**DATA SECTION**
========================

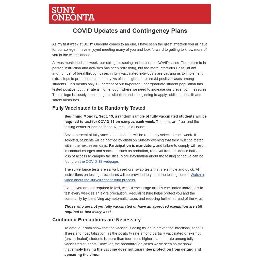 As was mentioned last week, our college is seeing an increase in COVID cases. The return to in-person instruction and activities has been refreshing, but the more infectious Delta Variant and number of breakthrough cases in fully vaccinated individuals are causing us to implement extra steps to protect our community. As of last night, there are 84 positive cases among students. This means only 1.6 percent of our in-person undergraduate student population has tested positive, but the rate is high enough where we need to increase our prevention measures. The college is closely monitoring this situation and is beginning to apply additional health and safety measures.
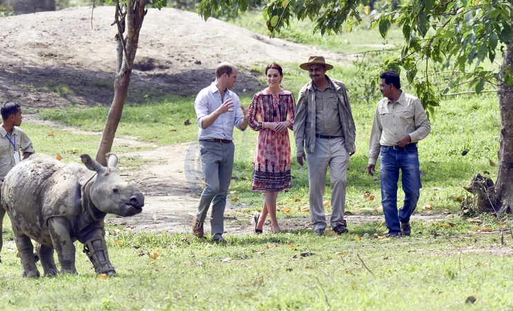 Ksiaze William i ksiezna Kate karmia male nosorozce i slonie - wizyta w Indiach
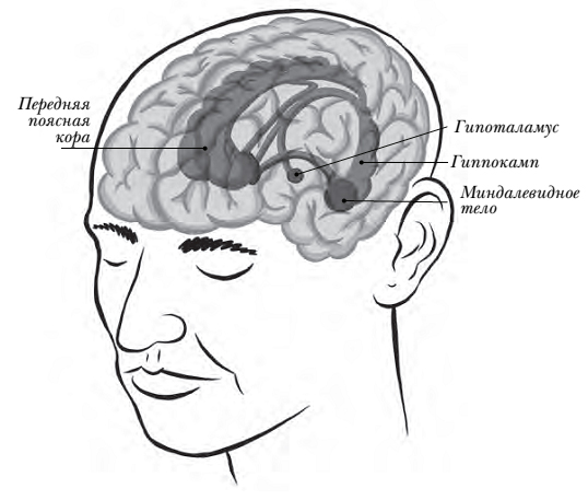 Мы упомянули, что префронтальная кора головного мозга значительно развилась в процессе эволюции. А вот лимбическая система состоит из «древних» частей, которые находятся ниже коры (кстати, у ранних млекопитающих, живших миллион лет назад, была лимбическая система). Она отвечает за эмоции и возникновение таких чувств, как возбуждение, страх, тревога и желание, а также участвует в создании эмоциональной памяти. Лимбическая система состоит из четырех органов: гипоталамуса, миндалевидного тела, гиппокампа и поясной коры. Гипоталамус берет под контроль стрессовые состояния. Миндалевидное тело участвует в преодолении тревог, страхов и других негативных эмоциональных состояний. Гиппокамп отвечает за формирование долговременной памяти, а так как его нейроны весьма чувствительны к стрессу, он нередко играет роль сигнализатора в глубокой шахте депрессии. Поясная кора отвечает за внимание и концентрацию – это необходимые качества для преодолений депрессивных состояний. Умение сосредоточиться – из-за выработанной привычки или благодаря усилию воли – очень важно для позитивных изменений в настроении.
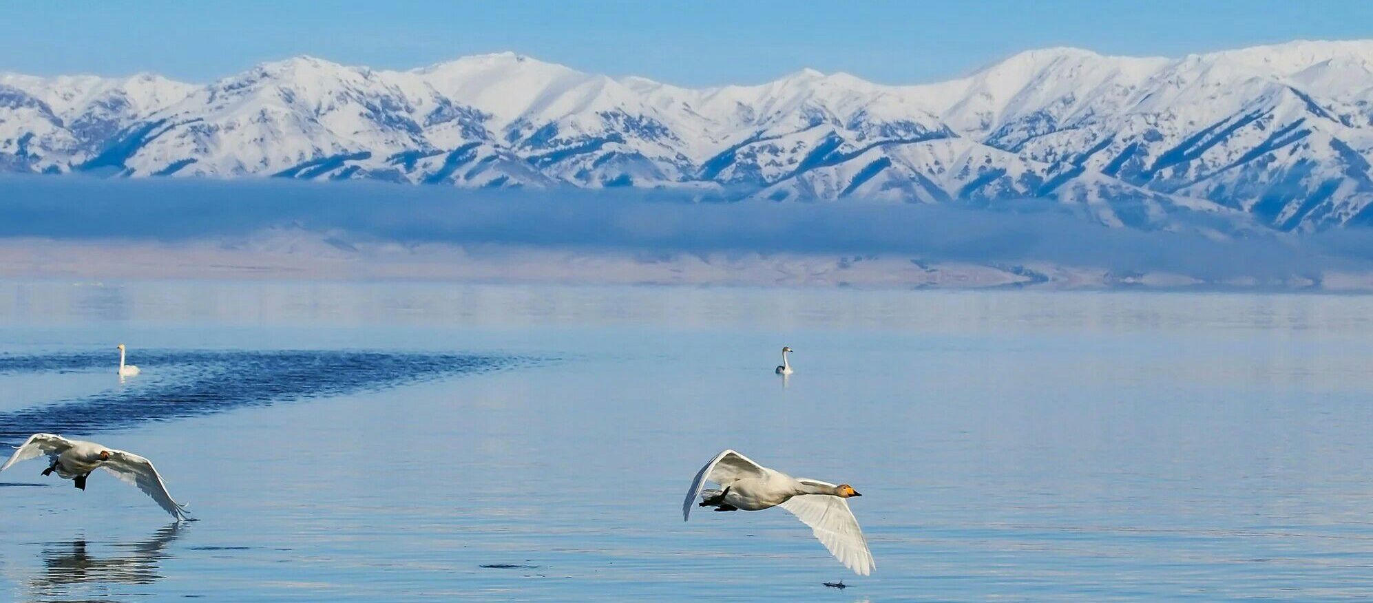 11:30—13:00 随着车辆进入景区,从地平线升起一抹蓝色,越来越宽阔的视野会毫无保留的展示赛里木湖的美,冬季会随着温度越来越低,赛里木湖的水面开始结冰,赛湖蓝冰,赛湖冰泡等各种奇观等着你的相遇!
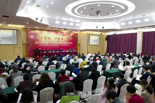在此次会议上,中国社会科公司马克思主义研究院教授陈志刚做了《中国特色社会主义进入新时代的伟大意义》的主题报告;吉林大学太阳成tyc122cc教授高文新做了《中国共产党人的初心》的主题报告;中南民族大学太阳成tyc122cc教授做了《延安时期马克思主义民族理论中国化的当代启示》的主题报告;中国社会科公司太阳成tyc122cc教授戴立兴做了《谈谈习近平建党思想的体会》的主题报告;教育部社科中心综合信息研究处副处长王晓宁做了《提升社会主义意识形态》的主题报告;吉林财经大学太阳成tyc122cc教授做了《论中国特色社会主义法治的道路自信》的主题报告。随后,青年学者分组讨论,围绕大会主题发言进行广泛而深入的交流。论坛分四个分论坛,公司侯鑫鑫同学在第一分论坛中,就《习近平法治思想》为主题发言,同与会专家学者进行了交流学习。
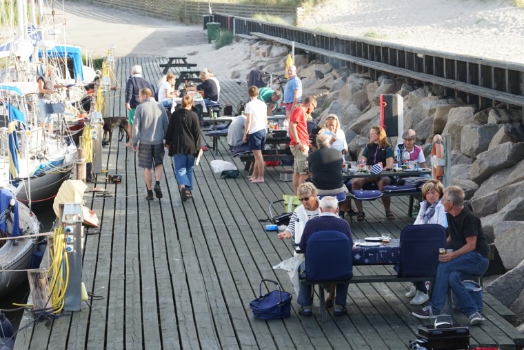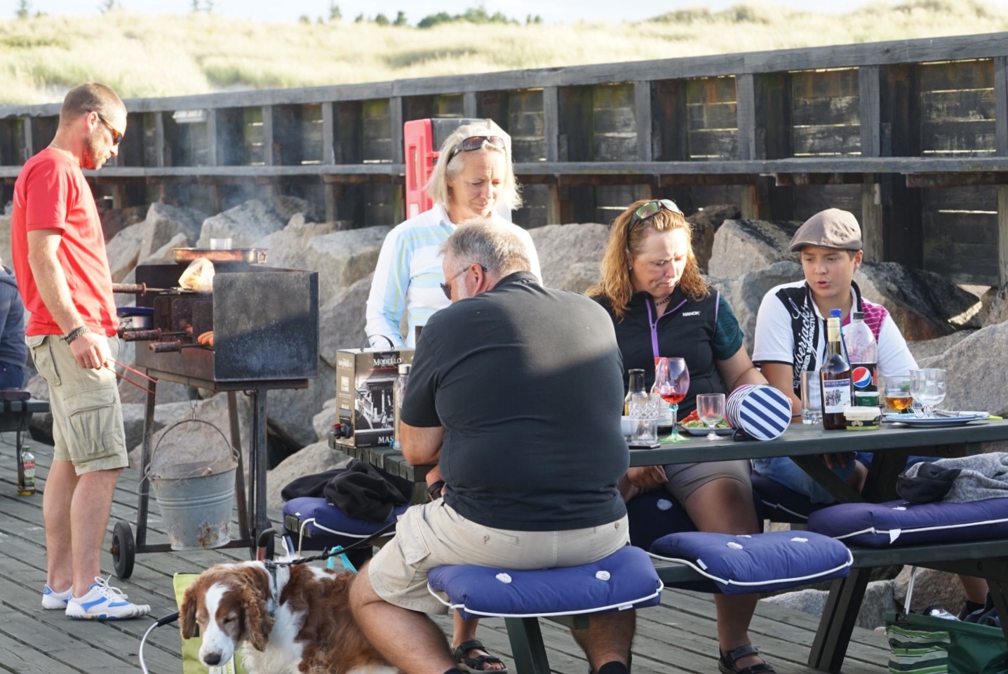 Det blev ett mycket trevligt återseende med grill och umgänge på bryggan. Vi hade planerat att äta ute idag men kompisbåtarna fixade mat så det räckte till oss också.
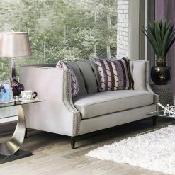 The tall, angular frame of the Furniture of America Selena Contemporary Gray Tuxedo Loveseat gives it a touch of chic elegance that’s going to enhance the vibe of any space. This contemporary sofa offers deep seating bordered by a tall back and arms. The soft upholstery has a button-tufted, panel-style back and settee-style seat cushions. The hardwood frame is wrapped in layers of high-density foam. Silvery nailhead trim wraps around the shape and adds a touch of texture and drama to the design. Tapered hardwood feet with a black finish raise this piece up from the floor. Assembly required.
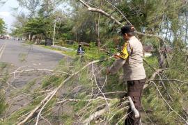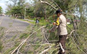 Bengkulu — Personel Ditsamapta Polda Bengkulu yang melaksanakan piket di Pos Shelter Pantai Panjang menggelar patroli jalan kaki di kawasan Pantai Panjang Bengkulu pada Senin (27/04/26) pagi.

========================

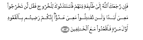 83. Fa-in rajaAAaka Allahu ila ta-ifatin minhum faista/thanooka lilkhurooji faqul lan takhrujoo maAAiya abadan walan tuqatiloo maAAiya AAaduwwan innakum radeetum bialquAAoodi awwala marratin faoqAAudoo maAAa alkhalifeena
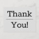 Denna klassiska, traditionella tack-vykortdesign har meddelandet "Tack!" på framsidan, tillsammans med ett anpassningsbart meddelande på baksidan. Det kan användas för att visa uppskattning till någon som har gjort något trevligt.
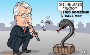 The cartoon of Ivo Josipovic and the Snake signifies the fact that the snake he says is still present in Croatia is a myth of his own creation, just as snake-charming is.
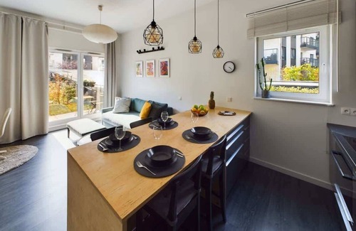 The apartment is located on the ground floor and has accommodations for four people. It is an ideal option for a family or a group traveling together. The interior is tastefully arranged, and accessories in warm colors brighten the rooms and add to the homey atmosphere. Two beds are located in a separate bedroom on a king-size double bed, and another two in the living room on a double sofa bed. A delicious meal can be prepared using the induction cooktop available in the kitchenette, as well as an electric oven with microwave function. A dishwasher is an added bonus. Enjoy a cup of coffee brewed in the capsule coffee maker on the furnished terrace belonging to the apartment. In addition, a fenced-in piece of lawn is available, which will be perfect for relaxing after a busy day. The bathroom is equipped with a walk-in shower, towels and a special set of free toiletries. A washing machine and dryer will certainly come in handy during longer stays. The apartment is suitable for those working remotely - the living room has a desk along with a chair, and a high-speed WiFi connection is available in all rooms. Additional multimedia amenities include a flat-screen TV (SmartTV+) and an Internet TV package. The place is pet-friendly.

========================

**WORK INSTRUCTION**
Range to print from the listing above: from the line with "83. Fa-in rajaAAaka" up to and including the line with "The cartoon of". Please print those lines exactly, with no pictures and nothing more.

**YOUR SOLUTION**
 83. Fa-in rajaAAaka Allahu ila ta-ifatin minhum faista/thanooka lilkhurooji faqul lan takhrujoo maAAiya abadan walan tuqatiloo maAAiya AAaduwwan innakum radeetum bialquAAoodi awwala marratin faoqAAudoo maAAa alkhalifeena
 Denna klassiska, traditionella tack-vykortdesign har meddelandet "Tack!" på framsidan, tillsammans med ett anpassningsbart meddelande på baksidan. Det kan användas för att visa uppskattning till någon som har gjort något trevligt.
 The cartoon of Ivo Josipovic and the Snake signifies the fact that the snake he says is still present in Croatia is a myth of his own creation, just as snake-charming is.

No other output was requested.